Japan's old mistrust of reason owes much to its history. In Europe, as the middle ages ended, feudal loyalties gave ground to reason, and Luther declared that the individual's interpretation of the Bible mattered more than allegiance to the Roman Catholic church's teachings. The triumph of reason over inherited ideas spurred scientific advance, and led to the industrial revolution. Rational individualism plus growing wealth laid the foundation for democracy.
Japan's revolutions have come in a different order. Feudalism lived on into the 19th century, when a nationalist clique imported the technologies necessary to modernize industry. The import of democracy and reason were postponed, with the result that Japan is now a mature industrial power, but immature politically - just look at the current mess - and intellectually.
The weakness of reason's hold on the country shows itself in many ways. Schools cram pupils with facts; they do not teach the skills of argument. Unscientific views are widely held: for instance, that Japanese snow and Japanese guts are different from the western sort, making the import of skis [!!!] and beef impossible.

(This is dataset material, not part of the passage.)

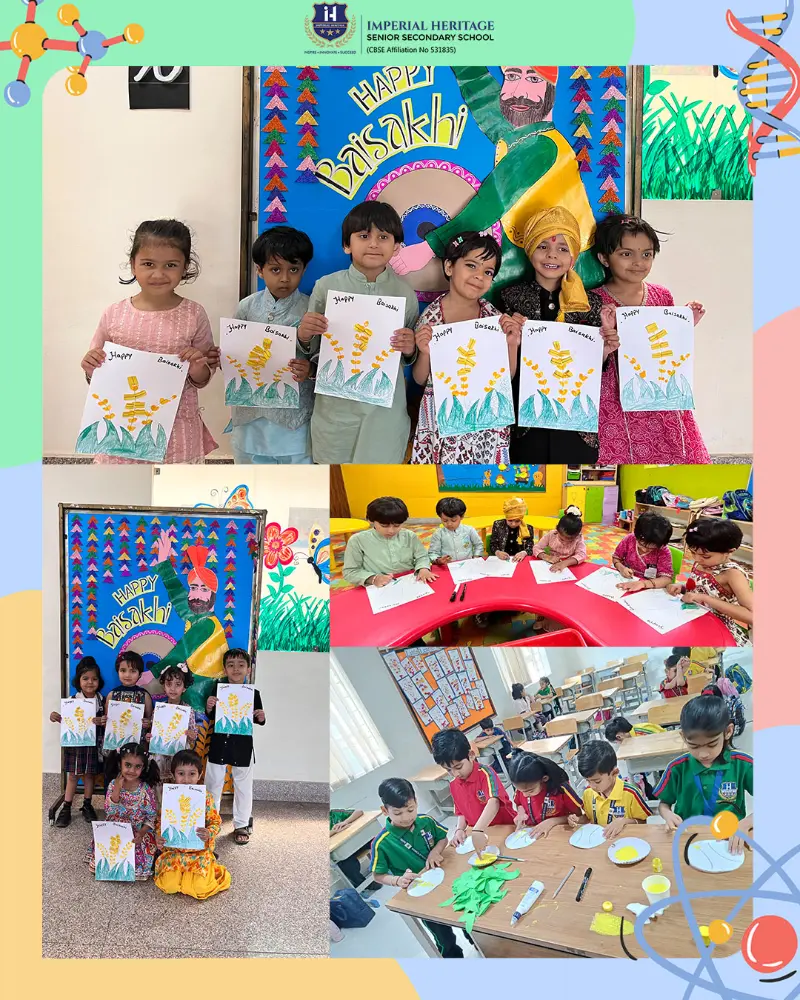 Similarly, Grade I students showcased their creativity by designing beautiful Baisakhi cards with bright colours, leaf cutouts, and finger painting, making each piece unique and expressive. Meanwhile, Grade II students created vibrant festive scenes with dhols, kites, and golden corn, deepening their understanding of the cultural significance of Baisakhi in a fun and engaging way. From creative crafts to energetic dance performances, every child truly embraced the spirit of the harvest festival, making it a memorable day filled with learning, happiness, and festive cheer.

Company decisions emerge after exhaustive soundings have established what the majority feels (not thinks), rather than after somebody has analysed the problem (see box). However misguided the boss may be, his subordinates still believe they owe him loyalty.
This culture is strong among Mr Ozawa's political enemies. The Liberal Democrats used to stick together because young politicians were loyal to their faction chiefs, and this loyalty overrode policy. Indeed, the Liberal Democrats rarely had any ideas at all, which is why bureaucrats ran the country. It is no coincidence that Mr Ozawa is often criticized for his style, but rarely for his policies.
This creates a strange lopsidedness in Japan's political debates: the opposition does not tend to put up opposing arguments. When the previous prime minister abruptly announced a plan for tax reform, the Social democrats revolted; they quite understood the need for change, they said, but wanted time to mull it over. When Mr Ozawa calls for deregulation, nobody says he is wrong, but many wish he would be patient. Japan faces a change easily as big as America's NAFTA or health reform. But the anti-change side offers no reasoned line of objection, just vague misgivings.
Similarly, there are many who dislike the new, argumentative style that is transforming debate in Japan. However, since the objectors disapprove of disagreement, they have trouble making their case. Whatever the fate of Mr Ozawa and his allies, in the end his point of view is likely to win.